Step 3 – obtain an understanding as part of risk assessment procedures controls in place to:

  1. Identify, account for, and disclose related party relationships and transactions in accordance with the applicable financial reporting framework.
  2. Ascertain whom authorizes and approves significant transactions and arrangements with related parties including transactions outside the normal course of business.

Step 4 – Inspection of records and documents that will assist in identifying information about related party relationships and transactions, such as:

  • Information supplied to regulatory authorities.
  • Shareholder registers.
  • Records of the entity’s investments, pension plans and life insurance policies.
  • Contracts, re-negotiated contracts and agreements with key management/those charged with governance including those that are not part of the entity’s normal course of business.
  • Internal audit reports.
  • Specific invoices and correspondence from the entity’s professional advisors.
  • Complex equity transactions, such as corporate restructurings or acquisitions.
  • Offshore transactions within jurisdictions with weak corporate laws.
  • Leasing of premises or the rendering of management services by the entity to another party if no consideration is exchanged.
  • Sales transactions with unusually large discounts or returns.
  • Transactions with circular arrangements, e.g. sales with a commitment to repurchase.
  • Transactions under contracts whose terms are changed before expiry.
  • Participation in unincorporated partnerships with other parties.

When assessing related parties for Small and Medium Sized Entities (SMEs) or undisclosed related-party transactions documents to review include:

  • The company’s current related parties and associated transactions register.
  • Minutes of directors’ meetings.
  • Current and new business transactions.
  • Debtors and Creditors ledgers within the accounting system.
  • Bank statements at year end and post year end.
  • Manual journal adjustments at year end and post year end.
  • Google search of the company.
  • Registrar of Beneficial Ownership (RBO).
  • Anti -Money Laundering documentation particularly Customer Due Diligence (CDD) records.
  • Meetings with management and those charged with governance.
Audit work in identifying related parties.
From a review of the international standards on auditing the main sections applicable for identification of related parties include understanding the entity’s organizational structure and ownership in accordance with ISA (Ireland) 315, this will allow the statutory auditor to determine whether related party transactions have been appropriately identified, accounted for, and adequately disclosed within the financial statements. Automated tools and techniques can be applied also to identify related party transactions with whom the entity conducts business.
two people on laptops at a small coffee table
The statutory auditor in accordance with ISA (Ireland) 330 shall then design and implement overall responses to address the assessed risks of material misstatement at the financial statement level, this will include incorporation of additional elements of unpredictability in the selection of further audit procedures to be performed regarding identification of related parties.
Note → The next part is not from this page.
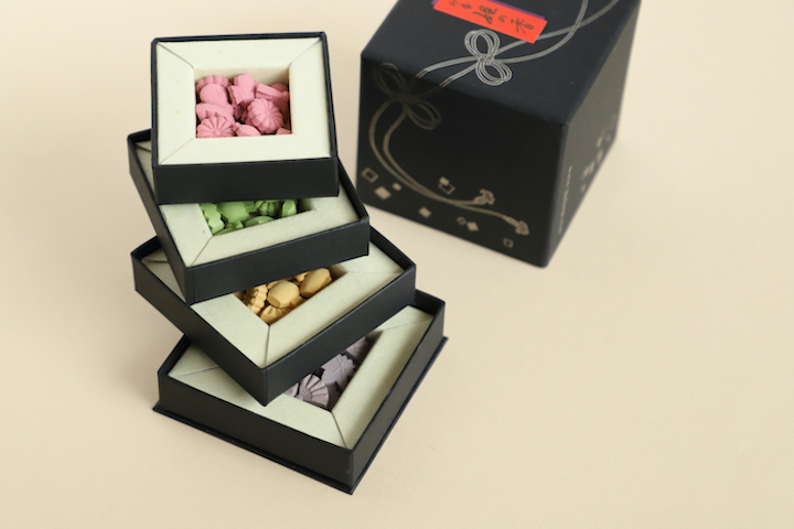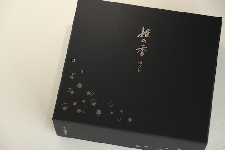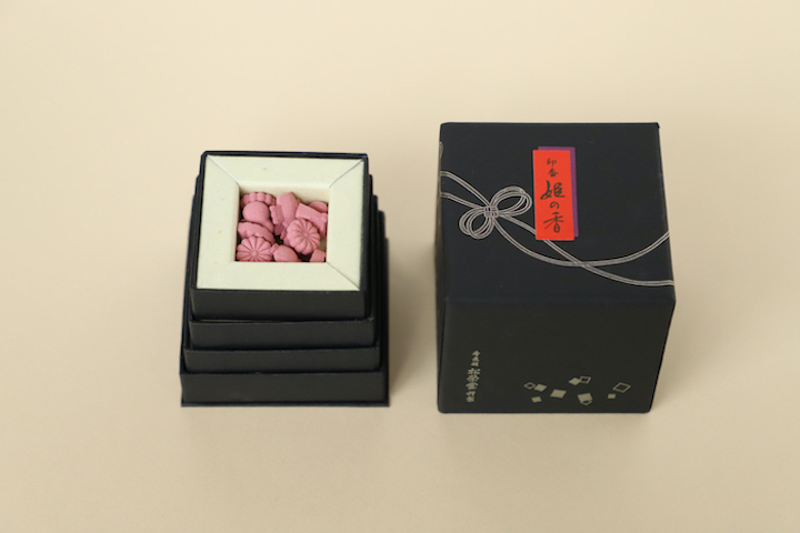 「印香 姫の香」は4種の香りをそれぞれ一段ずつ小箱におさめ、お重のように重ねています。

The statutory auditor shall then consider as part of fraud risk per ISA (Ireland) 240 transactions involving previously unidentified related parties or parties that do not have the substance or the financial strength to support the transaction without assistance from the entity under audit.

For example, a specific response to the auditor’s assessment of the risks of material misstatement due to fraud would be reviewing unusual transactions particularly those occurring at or near year-end, investigating the possibility of related parties and the sources of financial resources supporting the transactions.

Evaluation and disclosure of related party relationships and transactions within the financial statements.
The statutory auditor when forming an audit opinion in accordance with ISA (Ireland) 700 takes into consideration the size and nature of a misstatement, and the particular circumstances of its occurrence, when evaluating whether the misstatement is material in accordance with ISA (Ireland) 450. The significance of the transaction to the financial statement users may not solely depend on the recorded amount of the transaction but also on other specific relevant factors, such as the nature of the related party relationship.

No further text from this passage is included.